Self-improvement, Finance & law

Debra Allcock Tyler: There’s little honour in the old system – so let’s start over

Admirable people from all walks of life are recognised with honours, but this horribly flawed system seems rigged to reflect existing inequalities and power structures.

Twice a year I am horribly conflicted: January and June – when the Queen’s Birthday and New Year’s Honours lists are published.

People I love and admire get offered honours. I understand the pull and don’t think any less of them for accepting; but I find it hard to celebrate, because I have deep reservations about the current honours system.

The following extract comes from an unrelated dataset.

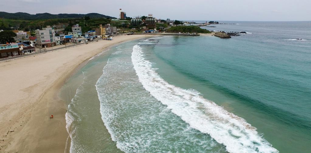 백사장 길이 1,750m, 너비 40~70m, 면적 3만 7207㎡로, 포항의 대표적인 해수욕장으로 알려져 있습니다. 1975년 개장 다시 포항북부해수욕장이라는 명칭을 사용하다가 2013년 6월부터 현재의 명칭으로 변경하였다. 포스코와 영일만이 건너다 보이며, 백사장의 모래가 곱다 보니 가족 단위 피서지로 적합합니다. 샤워장, 탈의장, 무료 야영장, 무료 주차장 등의 편의시설이 갖추어져 있습니다.

My brother has an MBE that he got for leading a team that created a wraparound soft-body-vehicle armour, which saved thousands of the lives and limbs of our servicemen and women. I’m so proud of him. But what I didn’t know when he got it was that his position was a barrier to a higher honour – despite the immense reach and impact of his work.

Setting aside for now the whole colonial whiff of Empire, it worries me that the honours system seems rigged to reflect and perpetuate existing inequalities and power structures. The honours are ranked, knighthoods and damehoods being higher and the British Empire Medal the lowest – so low in the hierarchy that it’s not given by the Queen but by the lord lieutenant of your county.

The ranking of the honour tends to reflect the “ranking” of society. Although there are, of course, exceptions, the already powerful get most of the top honours, with all the access and pull that comes with them – the less advantaged and less powerful get a pat on the head. Generals, professors and chief executives don’t typically get BEMs. Hospital porters, teaching assistants and Barry who does the bins round Bulmershe don’t get CBEs or knighthoods.

It’s also who you know. To get a higher honour it helps to have mates in high places mobilising their mates in high places to flood the honours committee with letters of praise. People from less-connected parts of society are incredibly unlikely to have that sort of confident and organised support.

Further, although ostensibly an independent committee makes the decisions, nominations are, in effect, vetted by government departments before they get anywhere near the committees. It’s unclear what would topple you from the list.

Data is patchy, but we do know that of the 2021 cohort, women represented 50 per cent of total awards but only 39 per cent got a CBE or above. Only 17.3 per cent come from a lower socio-economic background. Of the top honours (knights, CBEs etc) 74 per cent had titles similar to chief executive, professor, or chair. And this pattern is reflected over time and regionally.

I’m not anti-honours per se. I honestly think that citizens being recognised is a wonderful thing – but this system, for me, is so compromised that even talk of reform feels like just tinkering with an already horribly flawed system.

How about we scrap the whole thing and start again? No ranked awards – only one or two for everyone? Take the government out of it altogether and have an entirely independent body drawn from across society who make the decisions? Then no one accepting an honour is perpetuating inequalities. And I can celebrate my friends’ achievements without feeling like a hypocrite.